**INPUT DATA**:
▼

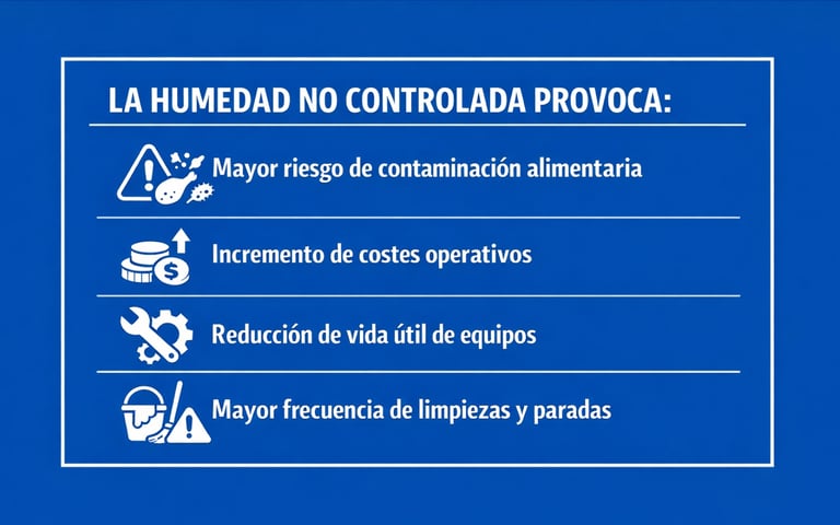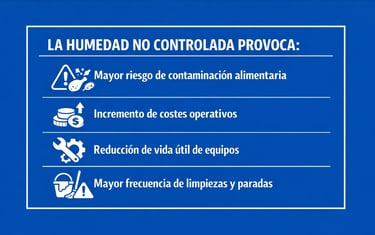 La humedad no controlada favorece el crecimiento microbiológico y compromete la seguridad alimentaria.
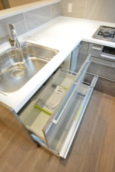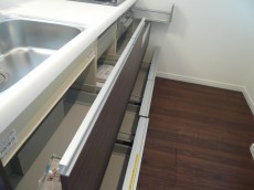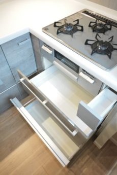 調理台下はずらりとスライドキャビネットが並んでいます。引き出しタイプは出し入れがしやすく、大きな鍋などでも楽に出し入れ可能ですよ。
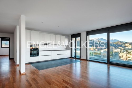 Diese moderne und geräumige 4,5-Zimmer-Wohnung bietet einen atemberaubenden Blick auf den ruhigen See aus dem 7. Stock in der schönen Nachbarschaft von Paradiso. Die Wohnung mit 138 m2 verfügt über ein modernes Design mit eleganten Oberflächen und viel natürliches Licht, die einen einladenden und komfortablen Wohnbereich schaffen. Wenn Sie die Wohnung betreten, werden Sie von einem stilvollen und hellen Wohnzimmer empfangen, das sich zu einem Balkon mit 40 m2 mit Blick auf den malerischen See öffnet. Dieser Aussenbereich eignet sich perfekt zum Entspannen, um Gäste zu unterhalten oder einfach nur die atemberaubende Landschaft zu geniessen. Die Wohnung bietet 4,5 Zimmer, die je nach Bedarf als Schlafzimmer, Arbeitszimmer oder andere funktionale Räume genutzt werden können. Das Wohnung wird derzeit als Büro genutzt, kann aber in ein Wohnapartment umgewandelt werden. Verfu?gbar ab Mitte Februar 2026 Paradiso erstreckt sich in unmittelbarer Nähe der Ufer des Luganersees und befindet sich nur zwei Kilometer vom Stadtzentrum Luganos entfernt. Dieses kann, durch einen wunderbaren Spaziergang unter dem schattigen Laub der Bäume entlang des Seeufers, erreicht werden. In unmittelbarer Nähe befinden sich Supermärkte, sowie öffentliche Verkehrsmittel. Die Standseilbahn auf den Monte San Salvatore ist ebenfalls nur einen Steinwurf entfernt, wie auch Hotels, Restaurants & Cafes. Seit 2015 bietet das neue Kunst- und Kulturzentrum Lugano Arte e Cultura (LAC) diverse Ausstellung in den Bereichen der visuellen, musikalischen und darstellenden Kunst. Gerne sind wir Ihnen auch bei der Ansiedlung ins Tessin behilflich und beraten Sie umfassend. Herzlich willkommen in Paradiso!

▲

The reply should repeat the data in full, exactly as given, and contain no pictures.

 La humedad no controlada favorece el crecimiento microbiológico y compromete la seguridad alimentaria.
 調理台下はずらりとスライドキャビネットが並んでいます。引き出しタイプは出し入れがしやすく、大きな鍋などでも楽に出し入れ可能ですよ。
 Diese moderne und geräumige 4,5-Zimmer-Wohnung bietet einen atemberaubenden Blick auf den ruhigen See aus dem 7. Stock in der schönen Nachbarschaft von Paradiso. Die Wohnung mit 138 m2 verfügt über ein modernes Design mit eleganten Oberflächen und viel natürliches Licht, die einen einladenden und komfortablen Wohnbereich schaffen. Wenn Sie die Wohnung betreten, werden Sie von einem stilvollen und hellen Wohnzimmer empfangen, das sich zu einem Balkon mit 40 m2 mit Blick auf den malerischen See öffnet. Dieser Aussenbereich eignet sich perfekt zum Entspannen, um Gäste zu unterhalten oder einfach nur die atemberaubende Landschaft zu geniessen. Die Wohnung bietet 4,5 Zimmer, die je nach Bedarf als Schlafzimmer, Arbeitszimmer oder andere funktionale Räume genutzt werden können. Das Wohnung wird derzeit als Büro genutzt, kann aber in ein Wohnapartment umgewandelt werden. Verfu?gbar ab Mitte Februar 2026 Paradiso erstreckt sich in unmittelbarer Nähe der Ufer des Luganersees und befindet sich nur zwei Kilometer vom Stadtzentrum Luganos entfernt. Dieses kann, durch einen wunderbaren Spaziergang unter dem schattigen Laub der Bäume entlang des Seeufers, erreicht werden. In unmittelbarer Nähe befinden sich Supermärkte, sowie öffentliche Verkehrsmittel. Die Standseilbahn auf den Monte San Salvatore ist ebenfalls nur einen Steinwurf entfernt, wie auch Hotels, Restaurants & Cafes. Seit 2015 bietet das neue Kunst- und Kulturzentrum Lugano Arte e Cultura (LAC) diverse Ausstellung in den Bereichen der visuellen, musikalischen und darstellenden Kunst. Gerne sind wir Ihnen auch bei der Ansiedlung ins Tessin behilflich und beraten Sie umfassend. Herzlich willkommen in Paradiso!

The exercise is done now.